Date Prev | Date Next | Date Index | Thread Index | Author Index | Historical

Real World OpenBSD/OpenBGPd statistics

  • From: Phil Pierotti
  • Date: Fri Dec 26 22:40:07 2008

Recently on this list there's been many and various discussions about
high-throughput on *some random OpenSource platform* aka
software-routing-on-a-PC.

And it's been a very interesting discussion, ranging from noting "vendors
claims" and discussing why (or not) they work (and how that differs from
'the PC universe") to detailed OS Kernel/IP stack implementations and their
isues/benefits.

Some of the statistics quoted are dated (eg 2006/2007 timeframe).
Some of the statistics quoted are "in theory" (eg in a remote lab, isolated
from anything resembling the real world)

I would like to invite people to comment on their real-world aka "doing this
in production" results.

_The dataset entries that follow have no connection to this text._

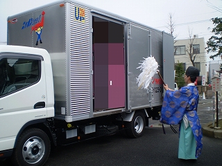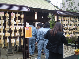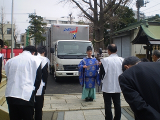新入社員の安全祈願が終わった後、外に出て、5号の安全祈願です。
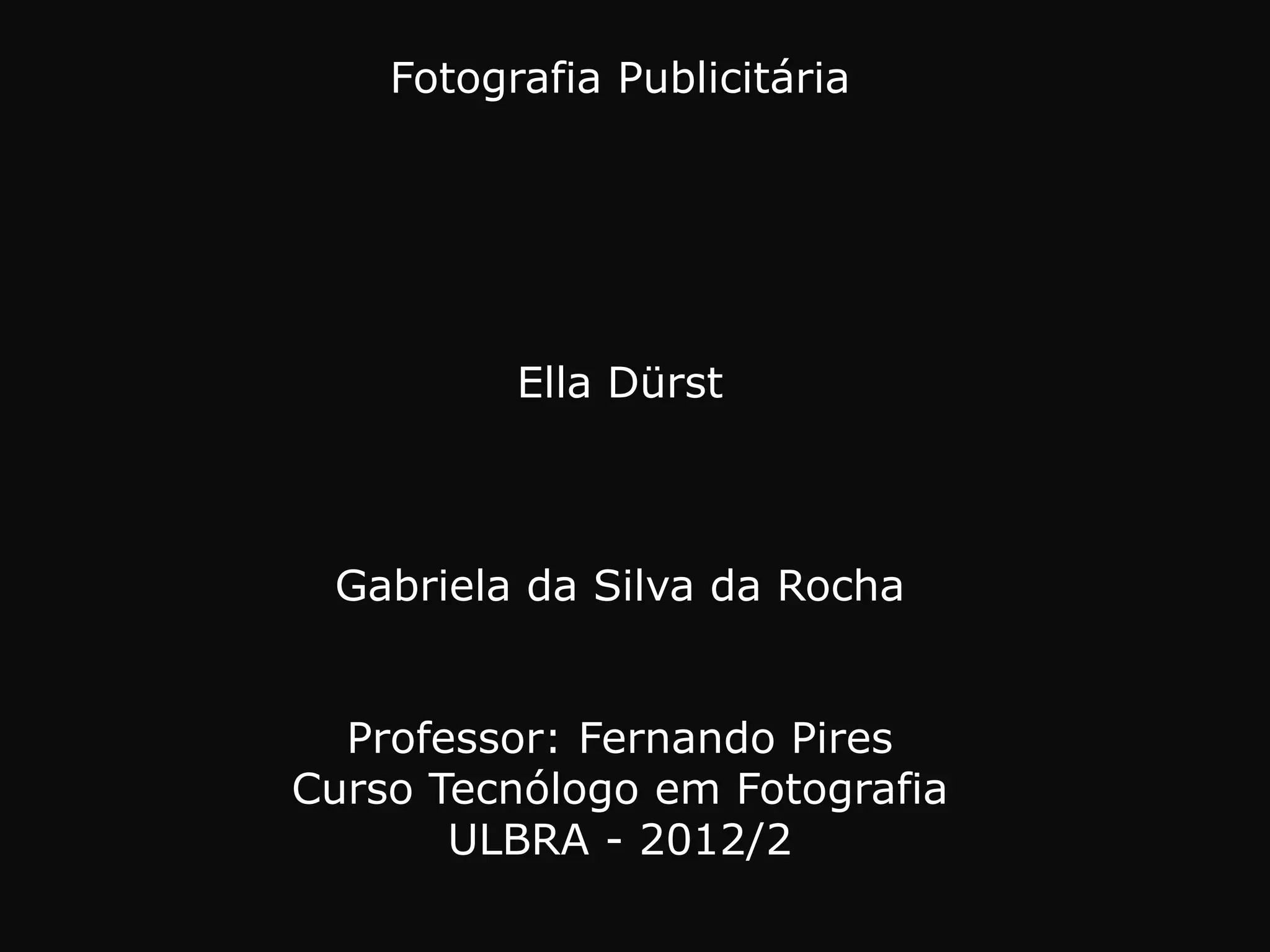 Este documento fornece um breve resumo biográfico da fotógrafa brasileira Ella Dürst, destacando que ela se formou em cinema na USP, lecionou fotografia estética na TV Cultura e trabalhou no Jornal da Tarde, e atualmente é reconhecida como uma das principais fotógrafas de moda do Brasil.
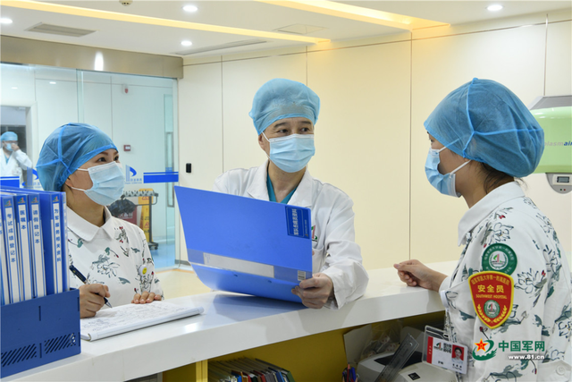 毛青在護士站查看科室為軍服務(wù)執(zhí)行情況。張永進 攝
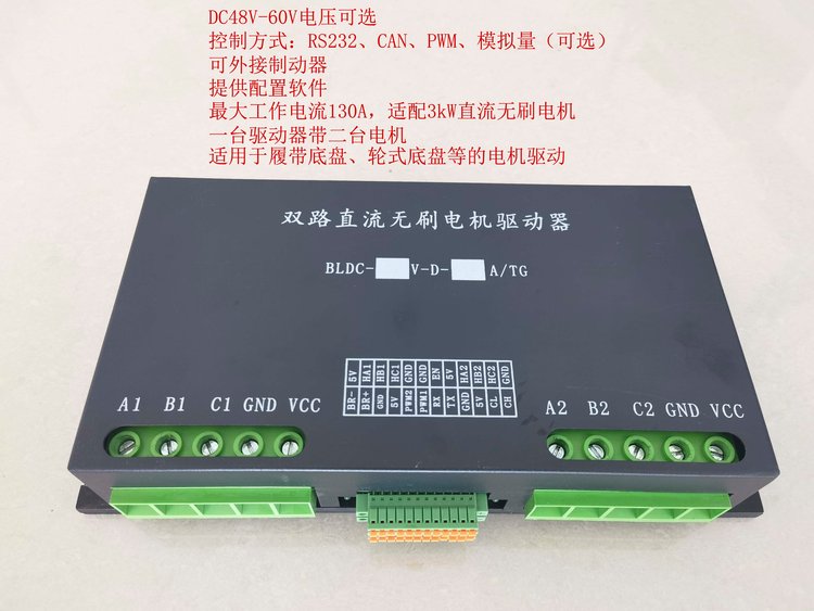 该系列双路直流无刷电机驱动器采用32位高性能处理器作为核心控制单元,可以同时控制两台直流无刷电机。驱动器使用电机内部的霍尔传感器作为转子位置反馈信号,可实现速度开环/闭环控制;多种控制信号(PWM、RS232、CAN总线),其中PWM信号控制包括单控模式和混控模式-单控模式:可实现两台电机完全独立控制;混控模式:可实现两台电机同步逻辑控制(前进、后退,左右旋转);通过CAN总线可将多个不同地址的驱动器挂载到同一条总线上,实现多驱动器联动控制;RS232接口可用于驱动器参数配置和驱动器控制。
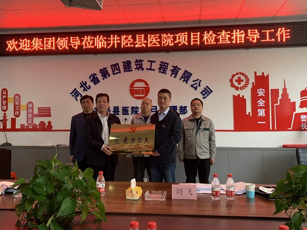 10月27日,集团党委副书记张庆虎、党委组织部部长张秋英、党委组织部刘飞等一行三人到省四建二分亿百官网井陉县医院项目党支部进行党建示范点验收授牌。亿百官网党委副书记、纪委书记、工会主席李怀生,党委组织部部长王彦森,分亿百官网党总支书记孙立锋一同参加。
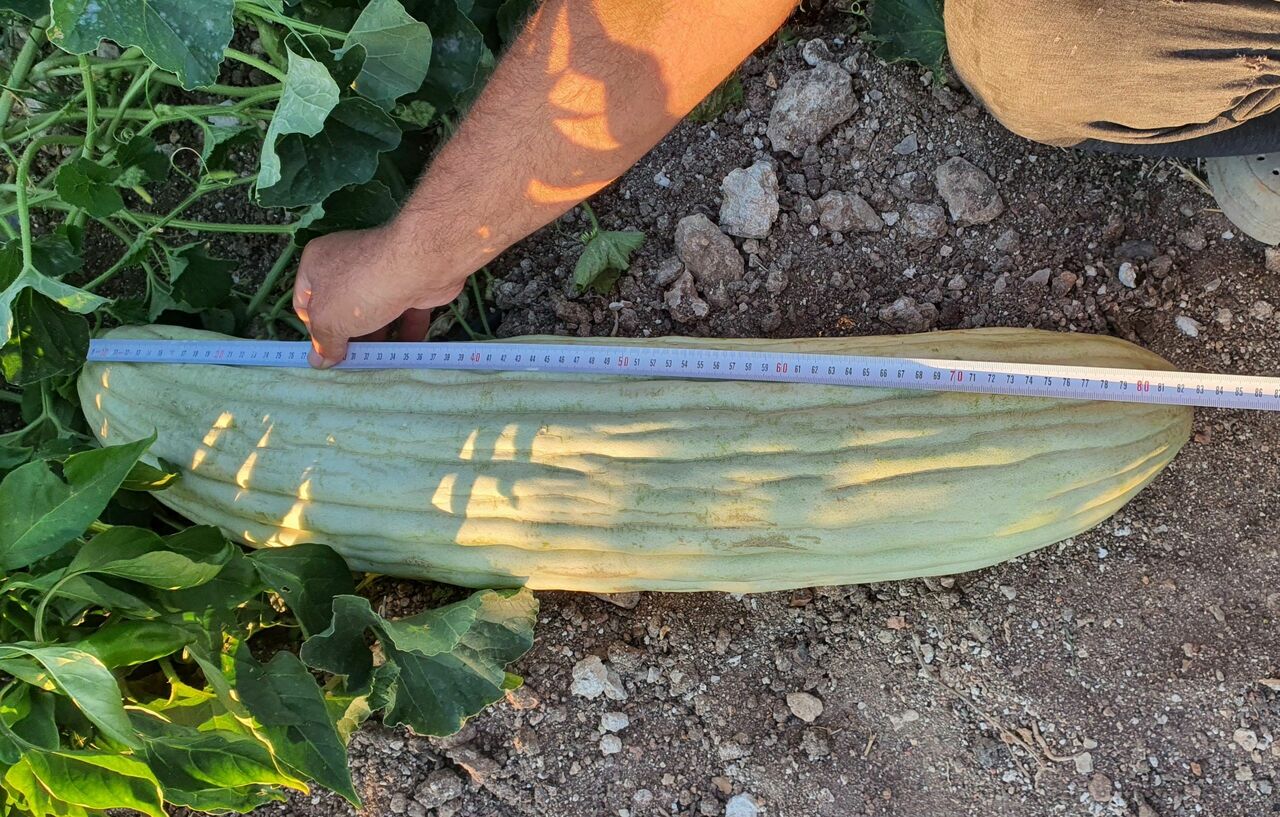 Manisa'nın Demirci ilçesinde, 83 santimetre uzunluğunda acur yetiştirildi.
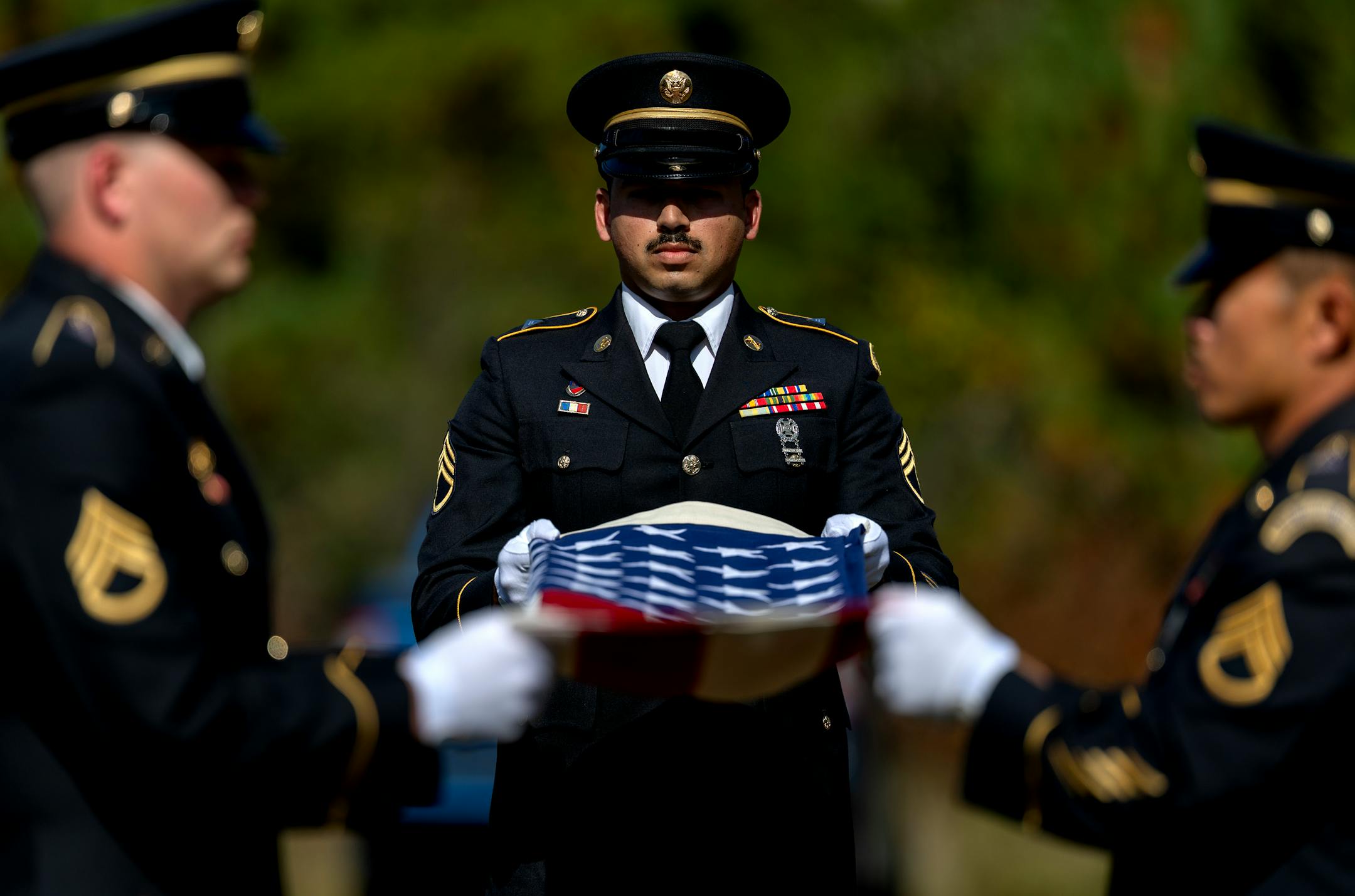 A photo of Gresens was seen again on Monday, next to a small coffin with his cremated remains, when after 75 years he was buried on top of his mother’s grave after a funeral with full military honors at Macville Cemetery just south of Hill City.
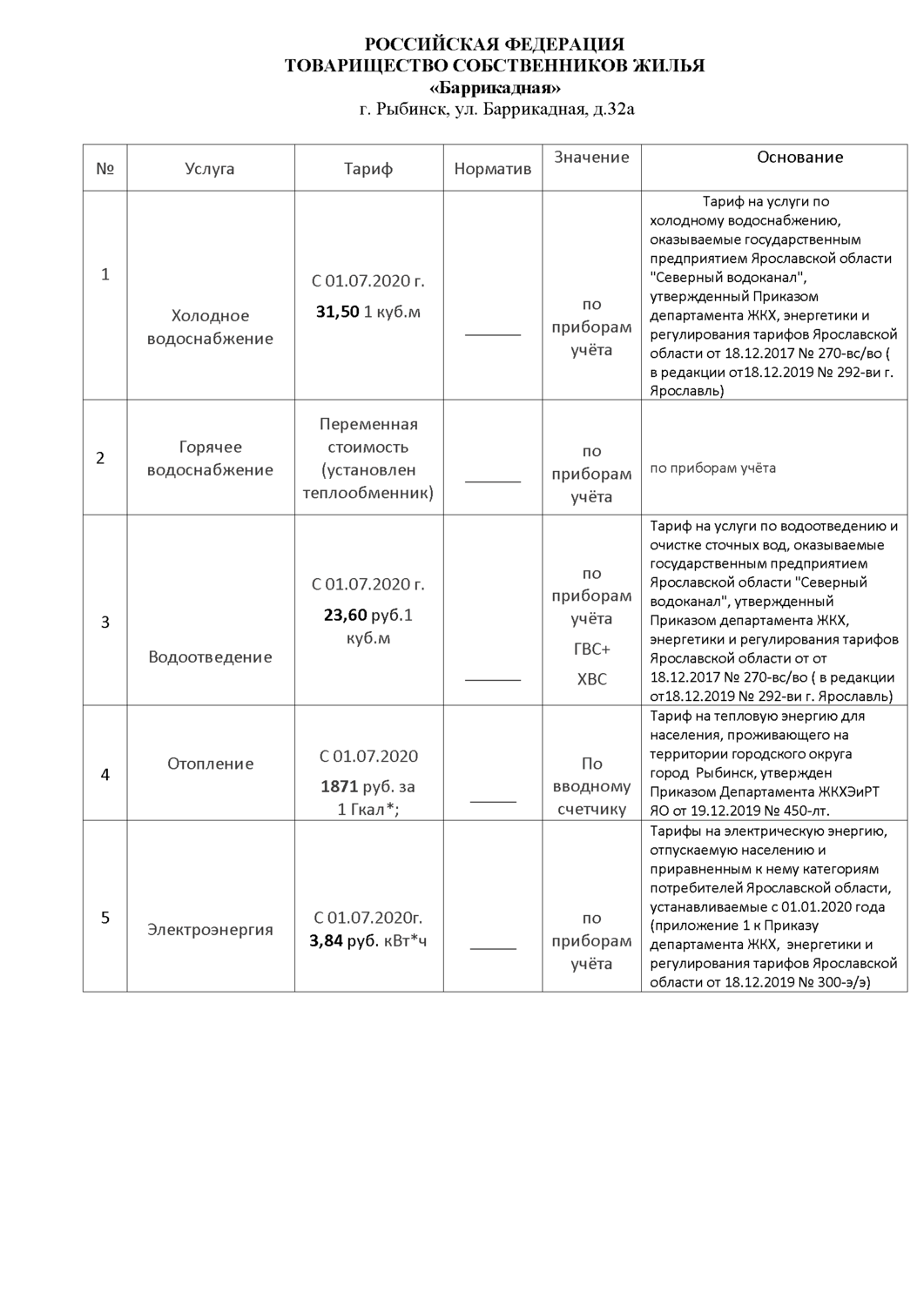 Тарифы, планы работ, отчеты ревизионной комиссии
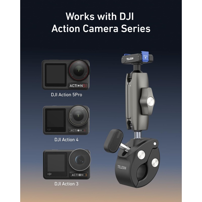 TELESIN Super Clamp Mount | Bike Mount for DJI Osmo 360/Action 5 Pro/Action 5/Action 4/ Pocket 3| Dual-Lock Magnetic Clips | 360°Rotation Ball Head | Fits 9-38mm Handlebar for Bike/Motorcycle

Not just "I've tested it" , but "we use this as our
production routing every day". Yes, I am assuming there's more than just
talk going on out there.

Please Provide Hard Numbers:
- system description (cpus, bus, nics, memory, OS, Version)
- packets per second as well as throughput
- average packet size
- how much did you have to tweak to achieve that

Ideally we're talking about a "router doing BGP and forwarding packets"
scale of  implementation.
Pure and simple routing packets in a real-world usage scenario.

Admittedly being "just a PC" you'll want some base firewalling rules to
secure the box itself, maybe Anti-Spoofing rules.
But nothing along the lines of "a do-everything box, load-balancing,
fireall, nat, complex and long ruleset, 12 routing protocols" etc.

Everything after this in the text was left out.